(Exercise) Output all entries exactly; images excluded.

(Material to process)

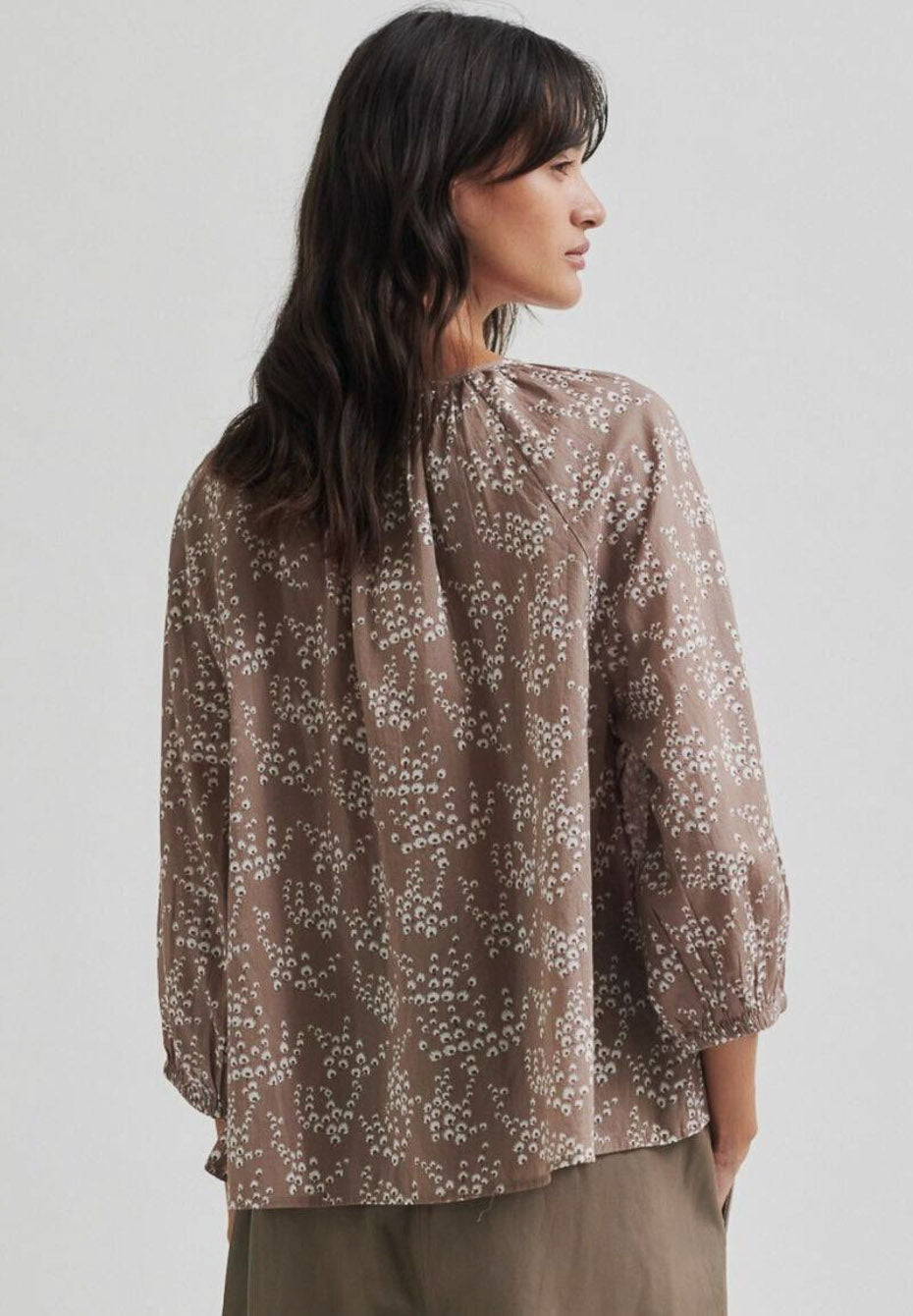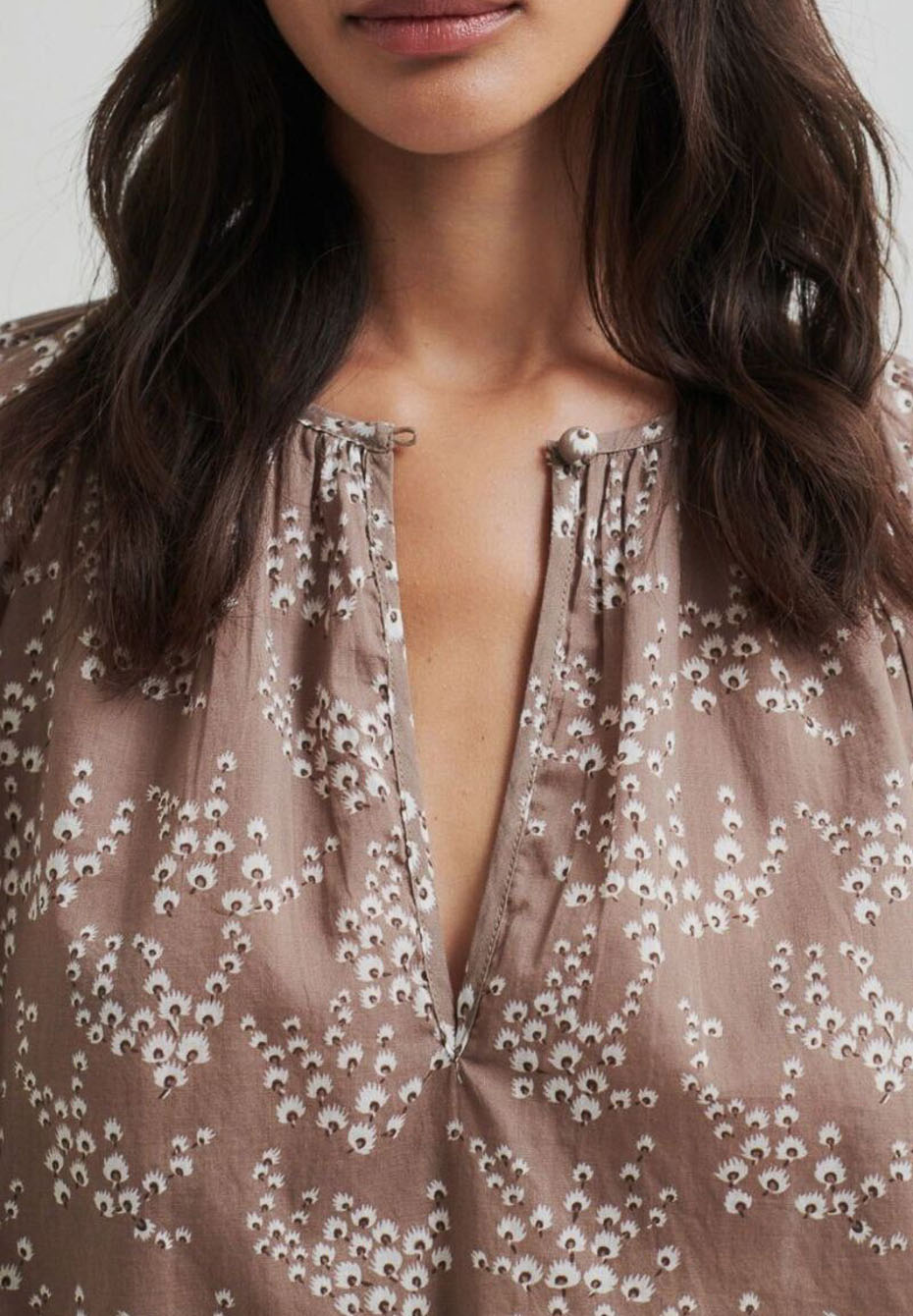 Second Female Sierra Blouse combines a beautiful floral print with a timeless design that is suitable for many different occasions. The cute brown-toned blouse has a slightly boxy design and a slit at the collar that can be closed with a button. The cuffs of the short raglan sleeves are finished with an elastic band.
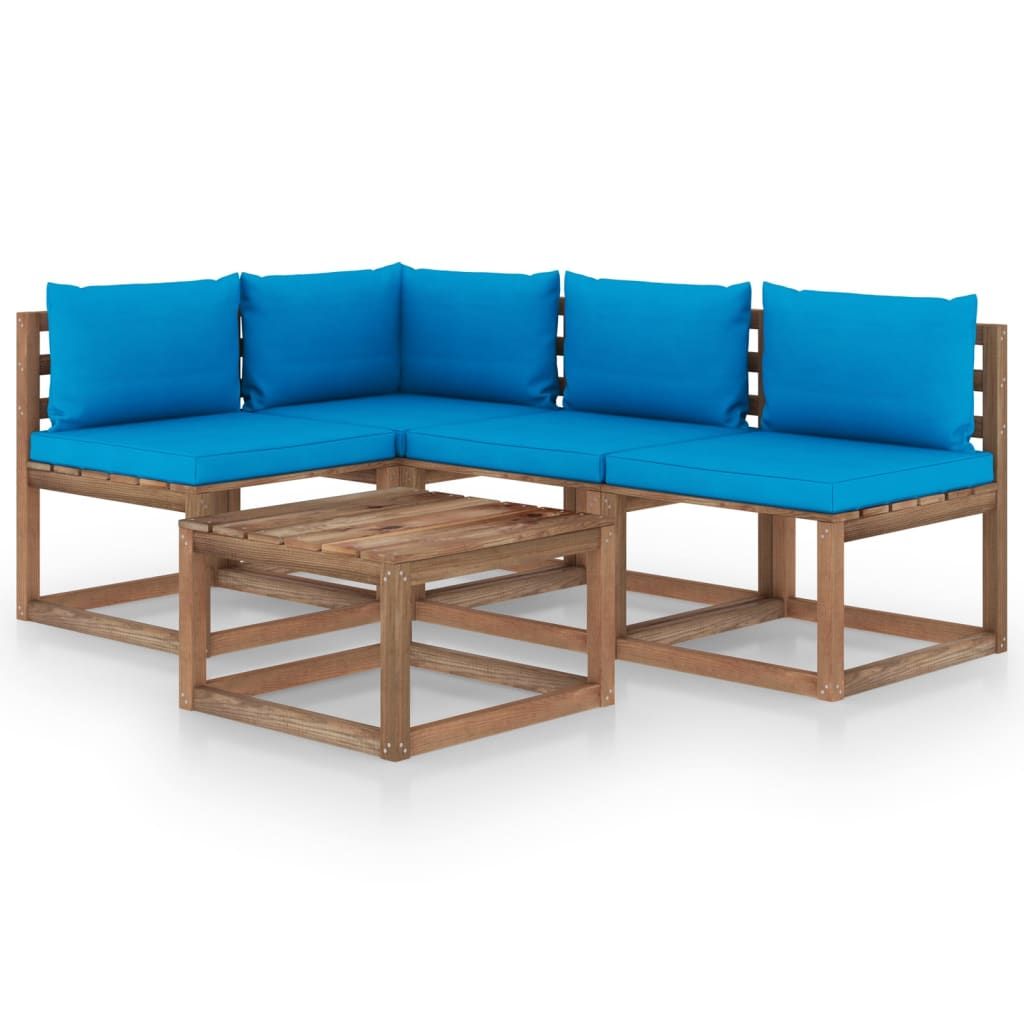 5-cz. zestaw wypoczynkowy do ogrodu, jasnoniebieskie poduszki
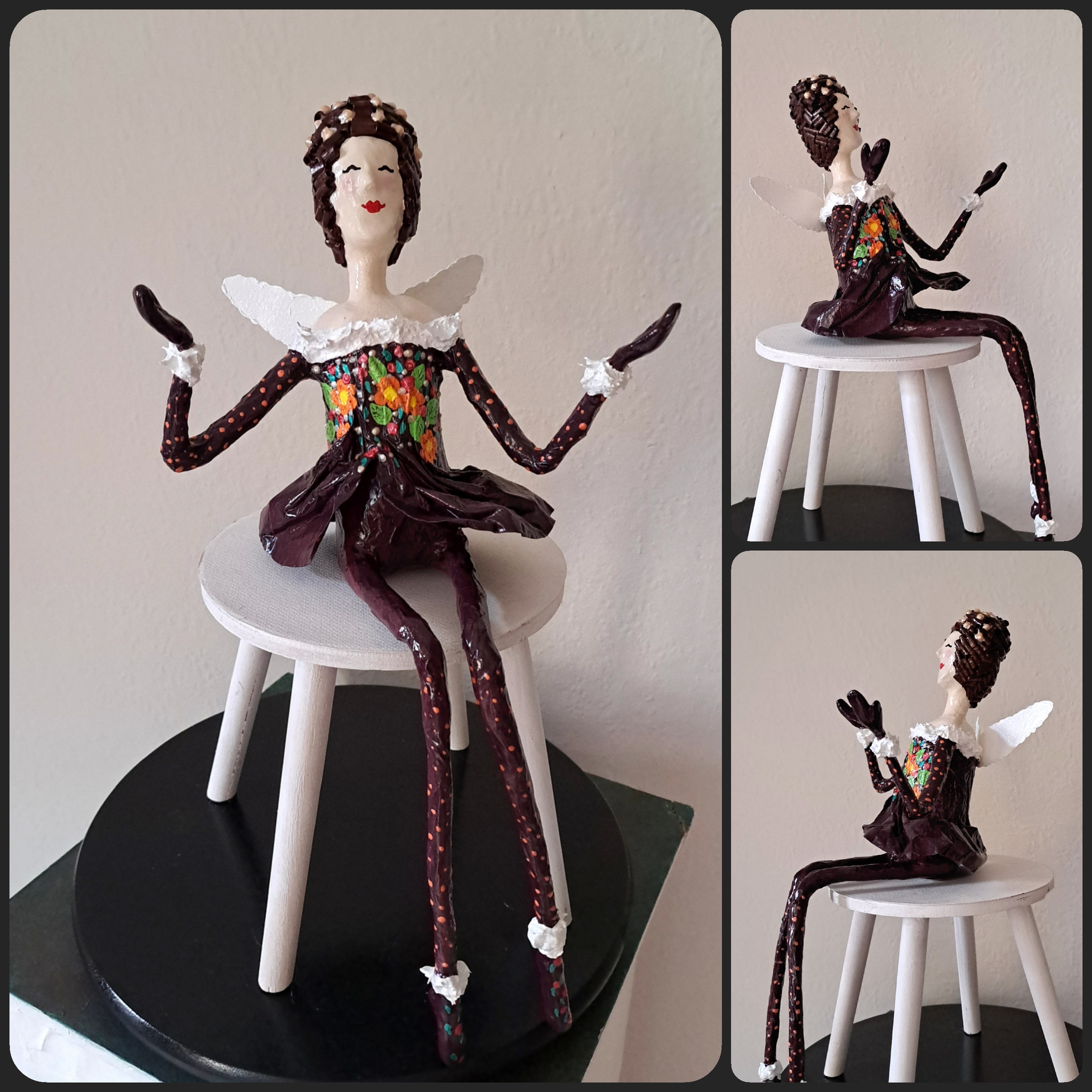 Inspiratiebronnen zijn vrouwen, mythologie, kleuren, symboliek en verhalen van vele culturen zijn een belangrijk aspect in haar sculpturen, happy angels en lampen. Papier-maché in allerlei vormen.
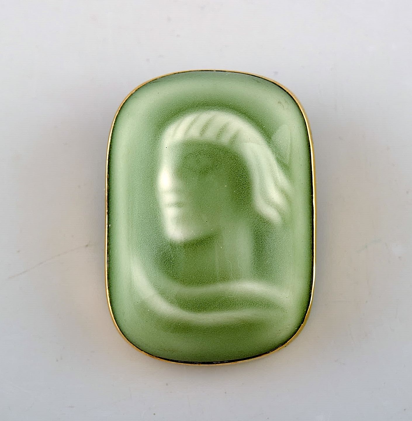 Jais Nielsen for Royal Copenhagen. Broche / vedhæng af celadonglaseret porcelæn indfattet i forgyldt sterlingsølv udført af Dragsted. 1930'erne
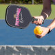 Show the others on the court that you’re the reigning pickleball Queen with this fun pickleball paddle! This design features pink gradient and white text along with a gold crown, on a black background…for the Queen of the court!
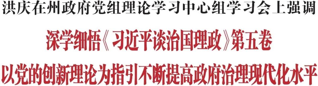 10月15日,州委副书记、州长洪庆主持召开州政府党组理论学习中心组学习会。他强调,要切实增强学习贯彻《习近平谈治国理政》第五卷的高度自觉,深学细悟笃行习近平新时代中国特色社会主义思想,以党的创新理论为指引不断提高政府治理现代化水平。
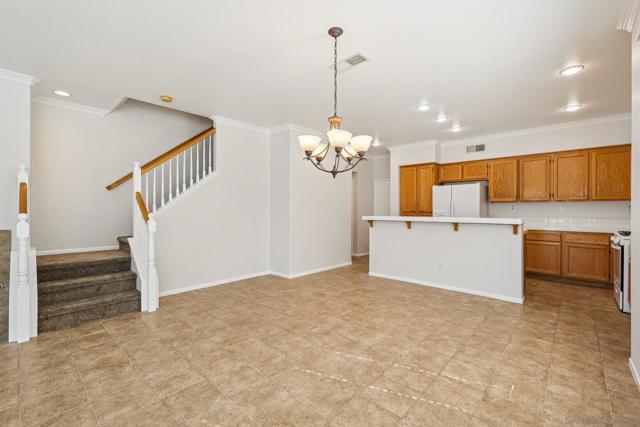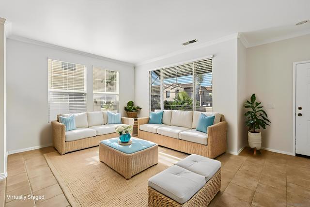 LARGE 3 BEDROOM & 2.5 BATHROOM HOME * NEW PAINT AND CARPET * 2 CAR ATTACHED GARAGE Welcome to this beautiful home in the highly sought-after, gated Gold Rush community of Otay Ranch. Ideally situated in a great neighborhood, this home offers the ideal blend of comfort, convenience, and modern living. Enjoy being just minutes away from top-rated schools, shopping, dining, and the Otay Ranch Town Center, as well as easy access to CA-125 and public transportation. This spacious 3-bedroom home features an open floor plan with tile flooring throughout the downstairs living area and new carpet upstairs. The bright and inviting kitchen offers plenty of cabinet space, ample counters, and a large center island, making it perfect for both cooking and entertaining. This home has Central heating and air conditioning and crown molding throughout. The master suite is a private retreat with dual sinks, a walk-in closet, and a relaxing ensuite bathroom. Enjoy your large front patio to unwind outdoors or entertain guests. The attached full-size two-car garage provides convenient access and extra storage, and additional street parking is available nearby. Gold Rush residents enjoy resort-style amenities, including a sparkling community pool, spa, parks, playgrounds, and beautifully maintained grounds. Move-in ready and freshly painted home also offers the perfect opportunity to personalize and make it truly your own. Property is virtually staged.
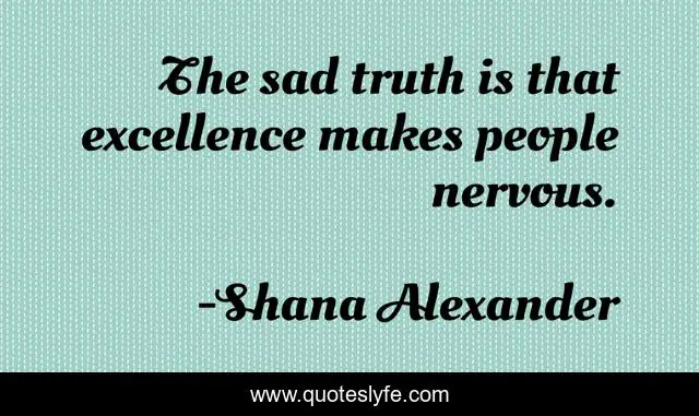 This page presents the quote "The sad truth is that excellence makes people nervous.". Author of this quote is Shana Alexander. This quote is about sad, excellence, people,.
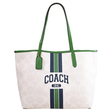 COACH CBI79 City 撞色條紋印花肩背托特包/購物包.白/綠邊
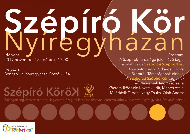 November 15-én megalakul a Szabolcsi Szépíró Kör, a Bencs Villában. Az est folytatásaként a Szépíró Kör tagjainak és barátainak felolvasóestje várja az irodalombarátokat.
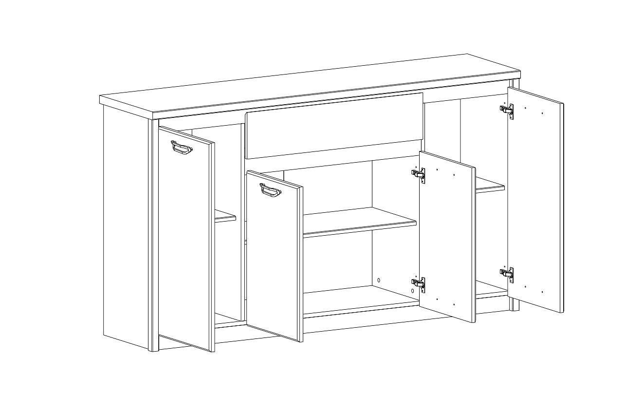 Компоненты, входящие в комплект 1 ящик,3 полки,4 дверцы

(Response to this exercise)
 Second Female Sierra Blouse combines a beautiful floral print with a timeless design that is suitable for many different occasions. The cute brown-toned blouse has a slightly boxy design and a slit at the collar that can be closed with a button. The cuffs of the short raglan sleeves are finished with an elastic band.
 5-cz. zestaw wypoczynkowy do ogrodu, jasnoniebieskie poduszki
 Inspiratiebronnen zijn vrouwen, mythologie, kleuren, symboliek en verhalen van vele culturen zijn een belangrijk aspect in haar sculpturen, happy angels en lampen. Papier-maché in allerlei vormen.
 Jais Nielsen for Royal Copenhagen. Broche / vedhæng af celadonglaseret porcelæn indfattet i forgyldt sterlingsølv udført af Dragsted. 1930'erne
 Show the others on the court that you’re the reigning pickleball Queen with this fun pickleball paddle! This design features pink gradient and white text along with a gold crown, on a black background…for the Queen of the court!
 10月15日,州委副书记、州长洪庆主持召开州政府党组理论学习中心组学习会。他强调,要切实增强学习贯彻《习近平谈治国理政》第五卷的高度自觉,深学细悟笃行习近平新时代中国特色社会主义思想,以党的创新理论为指引不断提高政府治理现代化水平。
 LARGE 3 BEDROOM & 2.5 BATHROOM HOME * NEW PAINT AND CARPET * 2 CAR ATTACHED GARAGE Welcome to this beautiful home in the highly sought-after, gated Gold Rush community of Otay Ranch. Ideally situated in a great neighborhood, this home offers the ideal blend of comfort, convenience, and modern living. Enjoy being just minutes away from top-rated schools, shopping, dining, and the Otay Ranch Town Center, as well as easy access to CA-125 and public transportation. This spacious 3-bedroom home features an open floor plan with tile flooring throughout the downstairs living area and new carpet upstairs. The bright and inviting kitchen offers plenty of cabinet space, ample counters, and a large center island, making it perfect for both cooking and entertaining. This home has Central heating and air conditioning and crown molding throughout. The master suite is a private retreat with dual sinks, a walk-in closet, and a relaxing ensuite bathroom. Enjoy your large front patio to unwind outdoors or entertain guests. The attached full-size two-car garage provides convenient access and extra storage, and additional street parking is available nearby. Gold Rush residents enjoy resort-style amenities, including a sparkling community pool, spa, parks, playgrounds, and beautifully maintained grounds. Move-in ready and freshly painted home also offers the perfect opportunity to personalize and make it truly your own. Property is virtually staged.
 This page presents the quote "The sad truth is that excellence makes people nervous.". Author of this quote is Shana Alexander. This quote is about sad, excellence, people,.
 COACH CBI79 City 撞色條紋印花肩背托特包/購物包.白/綠邊
 November 15-én megalakul a Szabolcsi Szépíró Kör, a Bencs Villában. Az est folytatásaként a Szépíró Kör tagjainak és barátainak felolvasóestje várja az irodalombarátokat.
 Компоненты, входящие в комплект 1 ящик,3 полки,4 дверцы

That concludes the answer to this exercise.